NaCl(30wt%)/ZnO(60wt%)/α-Al_2O_3 촉매상에서 메탄의 oxidative coupling 반응의 속도식을 연구하여 활성 산소종에 관하여 고찰하였다. 반응온도 650℃에서 750℃까지 메탄의 전화율 10%미만의 범위에서 메탄과 산소의 분압을 변화시켜 가면서 메탄의 전환속도를 측정하여 속도식을 검증하였다. 제안된 메틸라디칼의 생성반응은 Langmuir-Hinshelwood형 반응기구를 따른다. 촉매표면의 서로 다른 활성점에 흡착된 메탄 분자와 산소분자가 반응하여 메틸라디칼이 생성되는 반응이 속도결정단계이며, 이때 활성화 에너지는 약 39㎉/㏖이었다. 메탄의 C-H 결합의 해리에 관여하는 산소종은 표면상의 이원자 산소인 O_2^(2-)나 O_2^-로 제시할 수 있었다.

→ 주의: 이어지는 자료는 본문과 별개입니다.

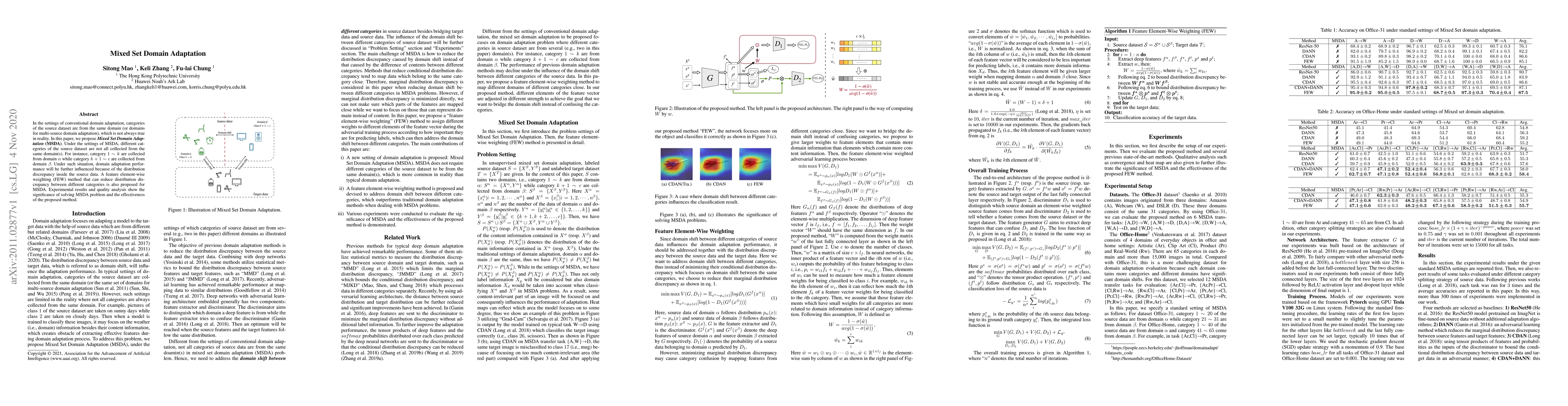 In the settings of conventional domain adaptation, categories of the source dataset are from the same domain (or domains for multi-source domain adaptation), which is not always true in reality. In this paper, we propose \textbf{\textit{Mixed Set Domain Adaptation} (MSDA)}. Under the settings of MSDA, different categories of the source dataset are not all collected from the same domain(s). For instance, category $1\sim k$ are collected from domain $\alpha$ while category $k+1\sim c$ are collected from domain $\beta$. Under such situation, domain adaptation performance will be further influenced because of the distribution discrepancy inside the source data. A feature element-wise weighting (FEW) method that can reduce distribution discrepancy between different categories is also proposed for MSDA. Experimental results and quality analysis show the significance of solving MSDA problem and the effectiveness of the proposed method.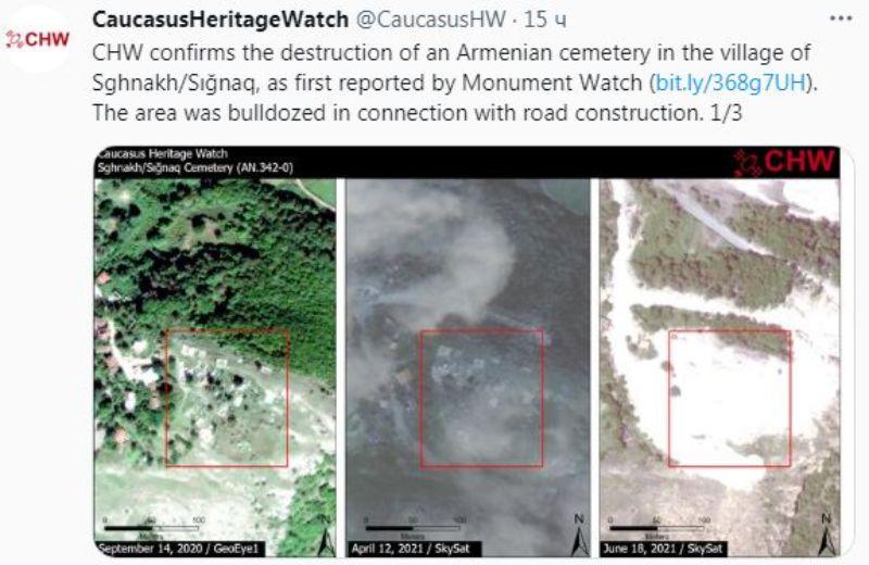 «Կովկասյան ժառանգության պաշտպանության կազմակերպությունը հաստատում է Սղնախ գյուղի հայկական գերեզմանոցի ավերածության փաստը, որի մասին առաջինը զեկուցել էր Հուշարձանների պաշտպանության կազմակերպությունը: Այդ տարածքը ավերվել է ճանապարհային շինարարության նպատակով»,- նշվում է գրառման մեջ:

The kinetics for the oxidative coupling of methane over NaCl(30wt%)/ZnO(60wt%)/α-Al_2O_3 catalyst was investigated, and then the active oxygen species were discussed. The conversion rate of methane was measured at the atmospheric pressure with various combinations of partial pressure of methane and oxygen at temperature range of 650℃∼750℃, at conversions less than with 10%. These rate data were then used to verify the proposed Langmuir-Hinshelwood kinetic equation. The rate limiting step appeared to be the formation of the methyl radicals by the reaction of the adsorbed methane and the adsorbed oxygen, which were adsorbed on the different active sites of the catalyst. The activation energy of the methyl radical formation was estimated to be ca. 39㎉/㏖. From the kinetic studies, the oxygen species responsible for the formation of methyl radicals was proposed to be diatomic oxygen such as O_2^(2-) or O_2^ on the surface.